Science Sunday: Go to the Computer!
Today in news that makes me happy, a computer named Crazy Stone is playing Go so well it can defeat the Japanese Go champion! This is probably the sexiest supercomputer since Watson. Though I don’t quite get the way the article is framed, that is, as a competition between machines and humans, since humans built machines. If we lose to them, it demonstrates how good we are building them and solving interesting problems with them. So a loss to one of our own machines still makes us really awesome. It also raises the question of if we can invent a game so difficult that we ourselves cannot build a machine to beat ourselves at it.
Algorithmically, the reason this is interesting is because this is not a repeat of IBM’s chess playing supercomputer Deep Blue. Deep Blue was running some form of minimax algorithm. Minimax is a deterministic strategy to find an optimal strategy. It is trivially demonstrable with Tic Tac Toe. At each point in game play, the computer generates all possible future game points in a tree until it has reached an end game state. At that point, the computer just marks the game as won, lost or drawn, and can then search the tree to find a path that leads to a winning (or draw) state.
The reason IBM needed a supercomputer to do this for chess is because the game tree for minimax has a factorial expansion. Since Tic Tac Toe has 9 squares and there are 9 possible first moves, the game tree size is 9!. This is sufficiently big that when I was doing this as an undergrad exercise on a cheap laptop, I had to hardcode in opening moves so that my machine only had to generate a tree of size 8!. Chess has 64 squares. While there are, I think, “only” 20 possible first moves in chess, that means the tree expansion for minimax is 20!, which is a very large number of things for a computer to be able to calculate in any reasonable amount of time, and Deep Blue was actually not even generating the full tree, it was using a heuristic to determine whether non-final game states were good, for a certain value of good.

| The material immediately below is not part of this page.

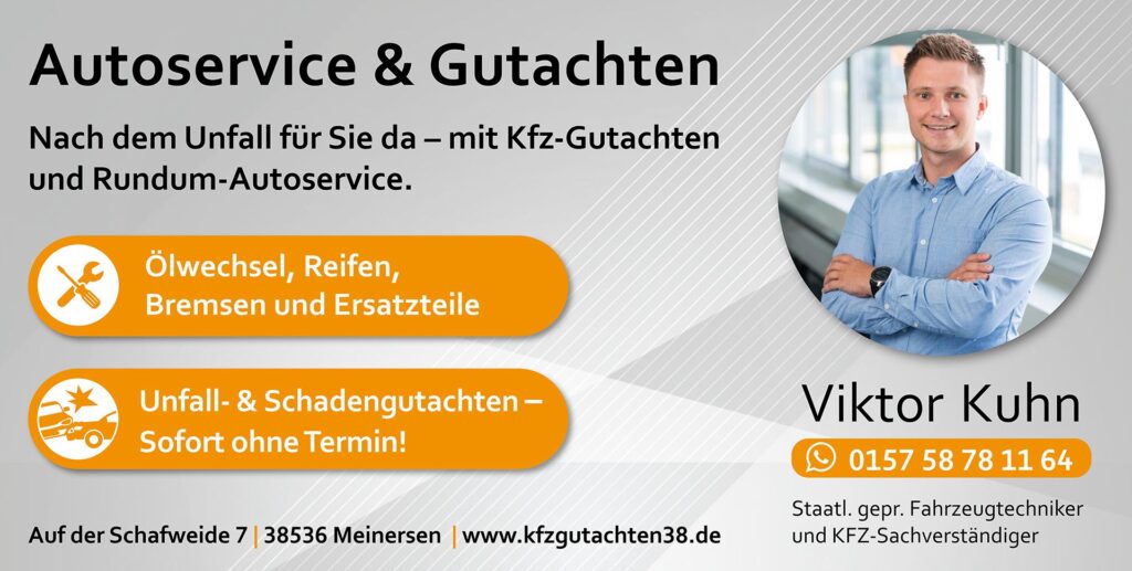 Wir sind Ihr Kfz-Gutachter in Meinersen, Gifhorn, Braunschweig, Wolfsburg, Celle, Hannover, Peine und den umliegenden Regionen.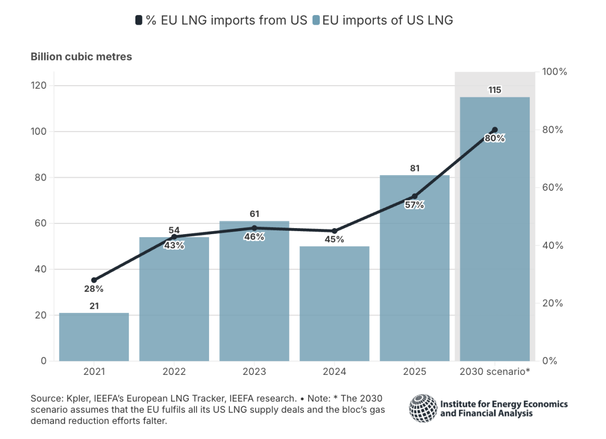 Análisis de IEEFA proyectan que, si se materializan todos los contratos a largo plazo, para 2030 hasta el 80% de las importaciones europeas de GNL y el 40% de todo el gas importado podrían proceder de EEUU. Esto contradice frontalmente la estrategia REPowerEU, basada en la diversificación y la reducción de la demanda, y encierra a Europa en una dependencia costosa con un socio cuyo compromiso político puede ser volátil.

Note that it is very difficult to translate a human’s sense of what moves are “good” into unambiguous instructions for a computer.
Getting back to Go, there are two reasons that just running minimax isn’t going to work. Most importantly, it’s not a solved game, meaning we can’t necessarily predict the outcome from any particular intermediate state. I can’t explain why without a more thorough knowledge of Go than what I’ve gleaned from watching Hikaru no Go.
So instead of some deterministic method like Minimax, Crazy Stone is investing in randomness by running a Monte Carlo algorithm. This is almost like minimax, but instead of generating a tree with all possible game states, it generates a tree with some (randomly selected) game states. However, unlike Deep Blue, Crazy Stone must keep generating intermediate game states until it reaches an end state, because there is no known accurate heuristic to determine if an intermediate game state is good or not.
Interestingly enough, such a Monte Carlo algorithm, though relying on randomness, will eventually converge to a minimax algorithm. The sticking point is that it may do so only after a huge amount of time. Particularly in Go, since a Go board has 361 possible positions on which to place a stone at the beginning of the game. That means a full minimax tree would have 361! nodes. The thought of trying to calculate 361! anything fills me with a terrible sense of futility.
Currently, Crazy Stone is only winning with a handicap, and then not by very much, but it does demonstrate that randomness is a way to avoid certain computational difficulties with very large numbers. Onward, Crazy Stone! Demonstrate the amazingness of human computational ingenuity!